> Task input

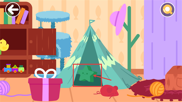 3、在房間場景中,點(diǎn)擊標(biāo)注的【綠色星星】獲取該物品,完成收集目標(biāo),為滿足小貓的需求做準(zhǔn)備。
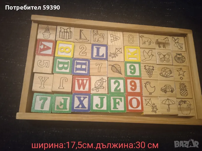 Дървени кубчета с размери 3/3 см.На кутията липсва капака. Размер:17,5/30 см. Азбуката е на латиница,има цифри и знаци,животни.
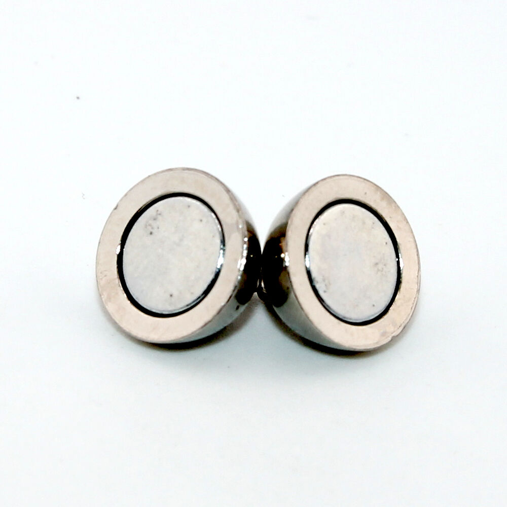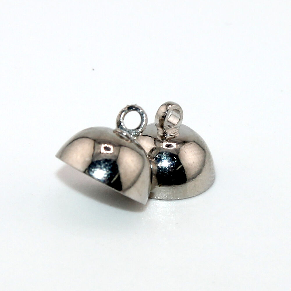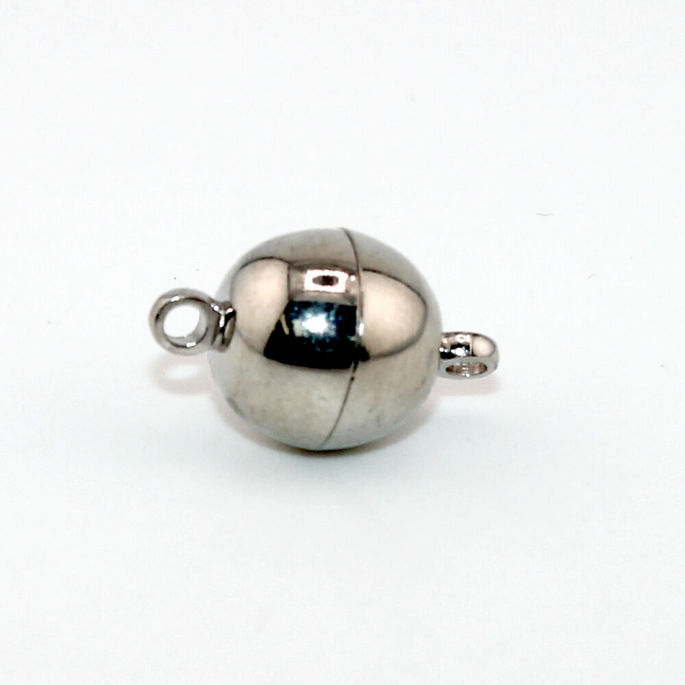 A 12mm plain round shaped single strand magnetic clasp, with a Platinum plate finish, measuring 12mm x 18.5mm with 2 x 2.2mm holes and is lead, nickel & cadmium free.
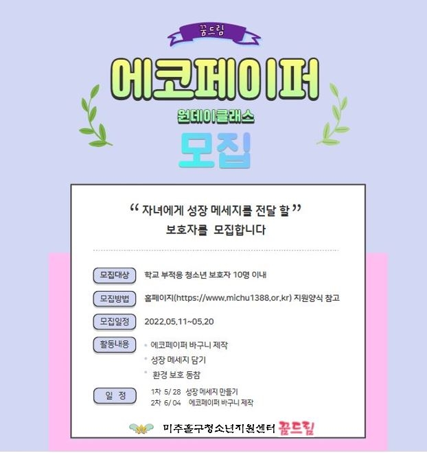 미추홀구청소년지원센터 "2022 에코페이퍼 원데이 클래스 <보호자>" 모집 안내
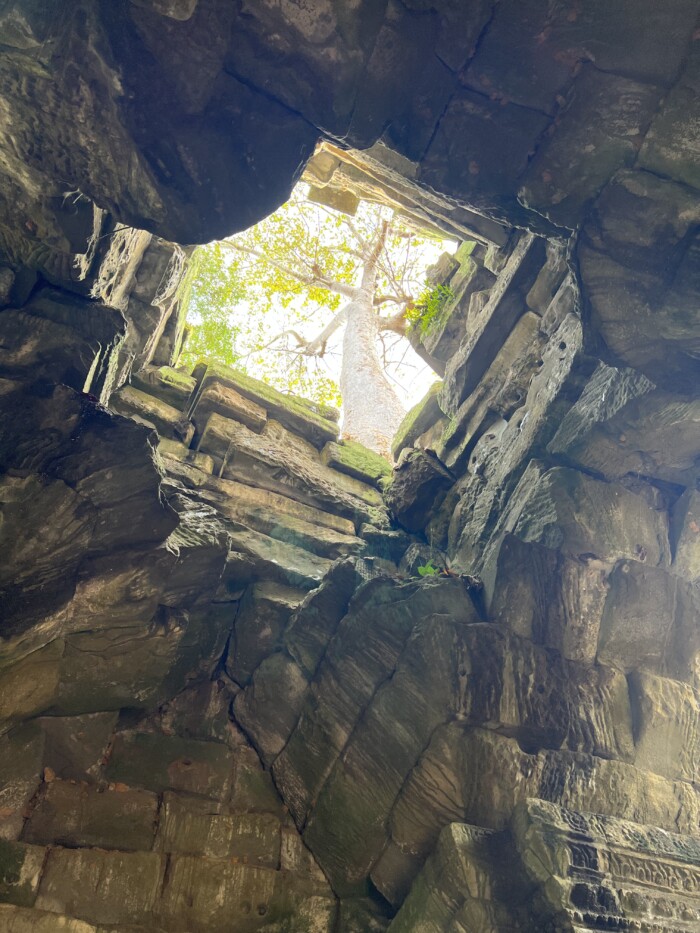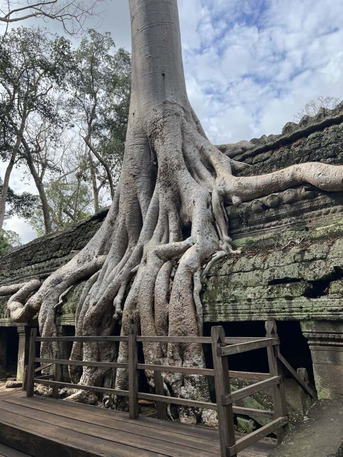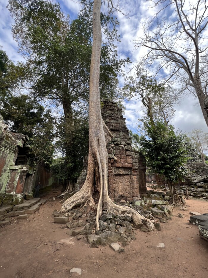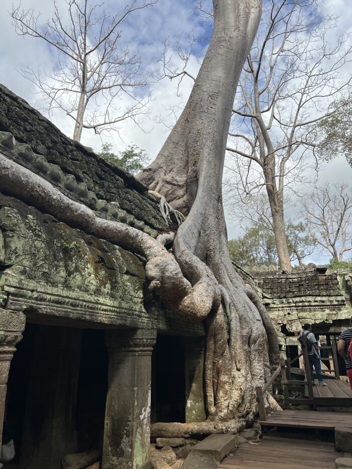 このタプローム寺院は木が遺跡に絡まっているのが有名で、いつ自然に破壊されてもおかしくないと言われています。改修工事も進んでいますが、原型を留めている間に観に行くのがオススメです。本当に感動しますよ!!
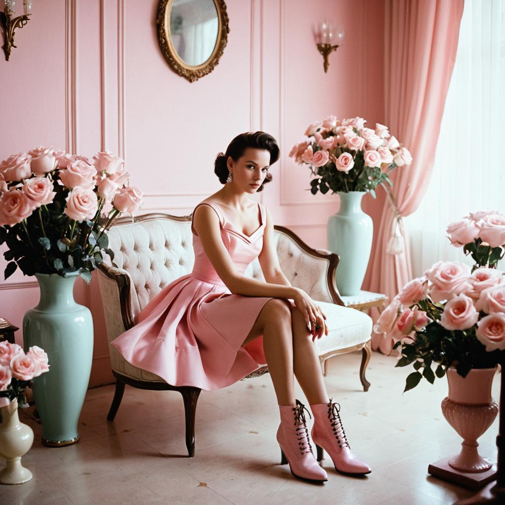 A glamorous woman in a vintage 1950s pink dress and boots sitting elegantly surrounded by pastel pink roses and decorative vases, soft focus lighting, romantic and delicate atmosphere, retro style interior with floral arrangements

...

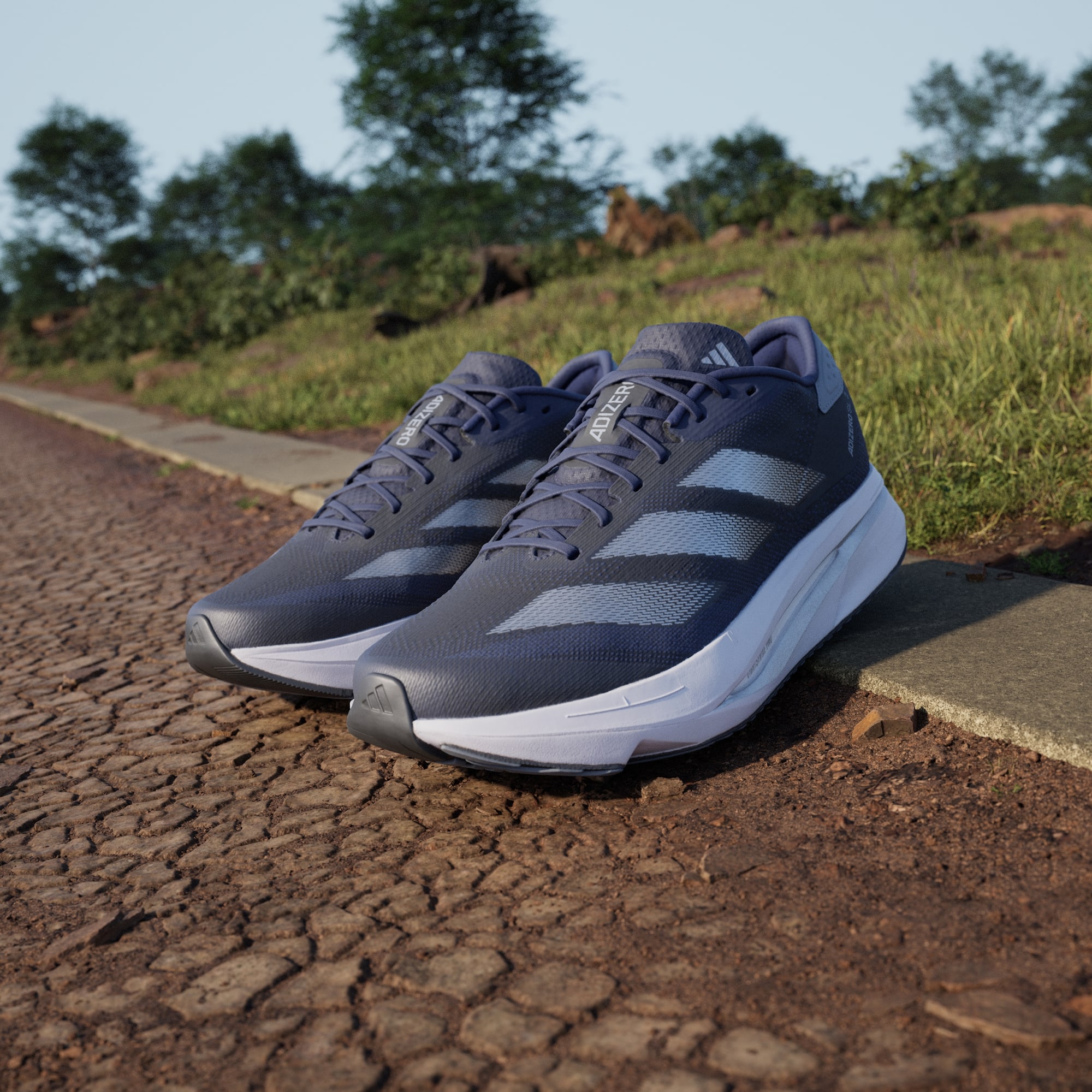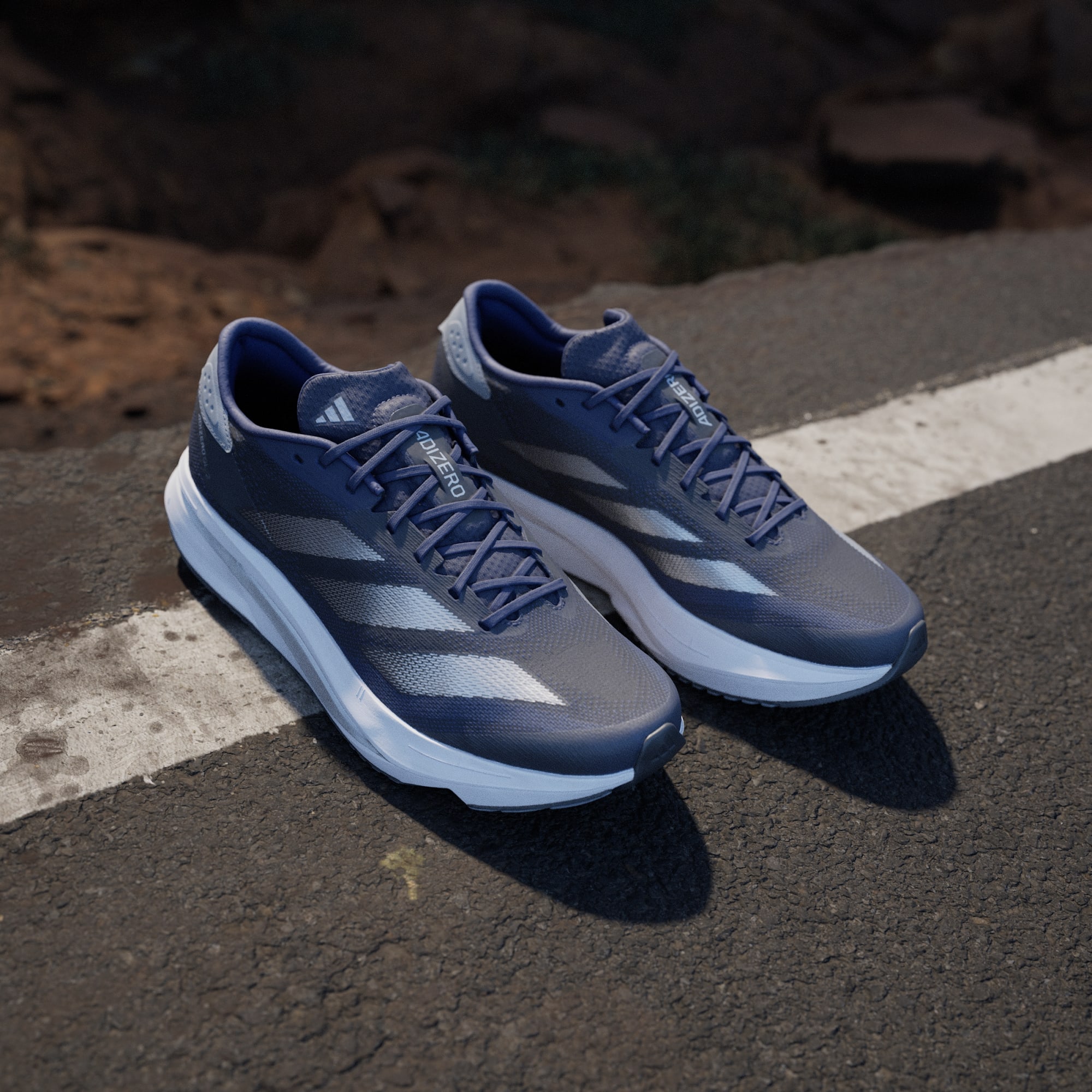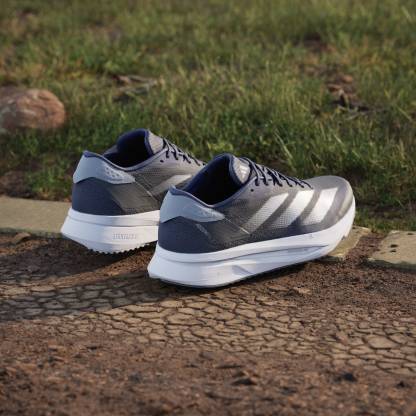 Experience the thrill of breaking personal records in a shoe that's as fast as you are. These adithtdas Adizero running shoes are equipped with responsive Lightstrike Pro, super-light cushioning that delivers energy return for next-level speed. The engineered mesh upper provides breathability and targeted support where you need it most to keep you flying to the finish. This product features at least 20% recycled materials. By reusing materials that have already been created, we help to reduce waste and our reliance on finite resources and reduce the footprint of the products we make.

> What you have to do
Output exactly, and only, the lines of the entries above from the one with "3、在房間場景中,點(diǎ" up to and including the one with "A glamorous woman"; pictures are to be left out.

> Written answer
 3、在房間場景中,點(diǎn)擊標(biāo)注的【綠色星星】獲取該物品,完成收集目標(biāo),為滿足小貓的需求做準(zhǔn)備。
 Дървени кубчета с размери 3/3 см.На кутията липсва капака. Размер:17,5/30 см. Азбуката е на латиница,има цифри и знаци,животни.
 A 12mm plain round shaped single strand magnetic clasp, with a Platinum plate finish, measuring 12mm x 18.5mm with 2 x 2.2mm holes and is lead, nickel & cadmium free.
 미추홀구청소년지원센터 "2022 에코페이퍼 원데이 클래스 <보호자>" 모집 안내
 このタプローム寺院は木が遺跡に絡まっているのが有名で、いつ自然に破壊されてもおかしくないと言われています。改修工事も進んでいますが、原型を留めている間に観に行くのがオススメです。本当に感動しますよ!!
 A glamorous woman in a vintage 1950s pink dress and boots sitting elegantly surrounded by pastel pink roses and decorative vases, soft focus lighting, romantic and delicate atmosphere, retro style interior with floral arrangements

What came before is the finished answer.